We could take several classification model to create an ensemble model. Here we will use LinearRegression, KNN and RandomForest model to create an Ensemble Voting classifier.

Each different models within Ensemble (here in this case LinearRegression, KNN and RandomForest) predicts different outcome from the training. Ensemble have lower error and lesser overfitting as compared to individual models. Since each individual models have different bias (or personality), the biases also gets averaged out in the ensemble.

One of the Ensemble methods is the Voting classifier that combines the prediction of different models. We will use soft voting which averages the probability of predictions from different models.

In [None]:
LogisticRegression(class_weight='balanced')
logistic_regression = LogisticRegression(max_iter=1000);
random_forest = RandomForestClassifier(n_estimators = 200);
knn           = KNeighborsClassifier(n_neighbors=3);
model = VotingClassifier (estimators=[('lr',logistic_regression), ('rf', random_forest), ('knn',knn)], voting='soft')
model.fit(X_train, y_train);
y_pred = model.predict(X_test);


<a id="16"></a> <br>
#### 3.3 Model Accuracy

##### Model accuacy score

##### Confusion matrix

![image.png](attachment:29df054b-f4f7-4b66-9812-6223e071cb66.png)!

In [None]:
from sklearn import metrics 
print("ACCURACY OF THE MODEL: ", metrics.accuracy_score(y_test, y_pred));

In [None]:
print(confusion_matrix(y_test,y_pred))


- We achieved good model accuracy and a reasonable confusion matrix (diagonal dominated).

<a id="17"></a> <br>
#### 3.4 XGBoost Prediction

Extreme Gradient Boosted trees (XGBoost) is one of the most powerful ML algorithm on use currently. 
XGBoost also allows us to use regularization to prevent overfitting and obtain a generalized solution.

XGBoost is an ensemble model using many decision trees as the base learners. It is quite similar to
RandomForest.

First we need to scale numerical features and encode categorical features for optimal performance of
XGBoost.



In [None]:
from sklearn.preprocessing import StandardScaler
from sklearn.model_selection import train_test_split
from xgboost import XGBClassifier
from sklearn.metrics import classification_report
X.head()

#### scaling the numerical features

In [None]:
scaler = StandardScaler()
scaler.fit(X[['age','avg_glucose_level','bmi']]);
X[['age','avg_glucose_level','bmi']] = scaler.transform(X[['age','avg_glucose_level','bmi']])
X.head()

<a id="18"></a> <br>
#### 3.5 XGBoost Accuracy

In [None]:
X_train, X_test, y_train, y_test = train_test_split(X,y, test_size=0.2, random_state=10);
model_xgb = XGBClassifier(max_depth=3, n_estimators=1000, learning_rate=0.075, colsample_bytree=0.7, subsample=0.8)
model_xgb.fit(X_train, y_train)
y_pred = model_xgb.predict(X_test)
print(classification_report(y_test, y_pred))

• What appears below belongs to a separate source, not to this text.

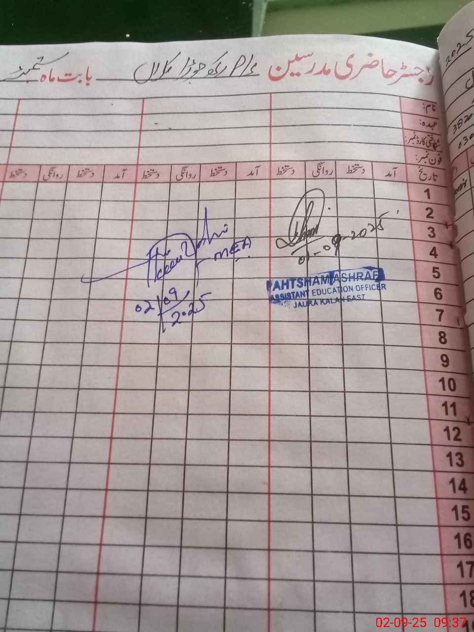 | District: KHUSHAB | Tehsil: NOORPUR THAL | Markaz: JURA KALAN (EAST) (MALE) | Level: Primary | |

- We achieved a accuracy score of 77% in XGBoost.

<a id="19"></a> <br>
# 4. Conclusion

- It was fun exploring Brain stroke data. First it was a imbalanced data and hence we had to balance it out using sampling.
- Next we tried to use ensemble voting with many classifiers within and achieved a decent accuracy and confusion matrix.
- We also tried the popular XGBoost and it did not outperform ensemble voting and achieved a 78% accuracy.
- I really hope this notebook will be helpful to the community.
- As an extension, I would next like to see if our random sampling (for balancing) did any harm in creating bias for other features.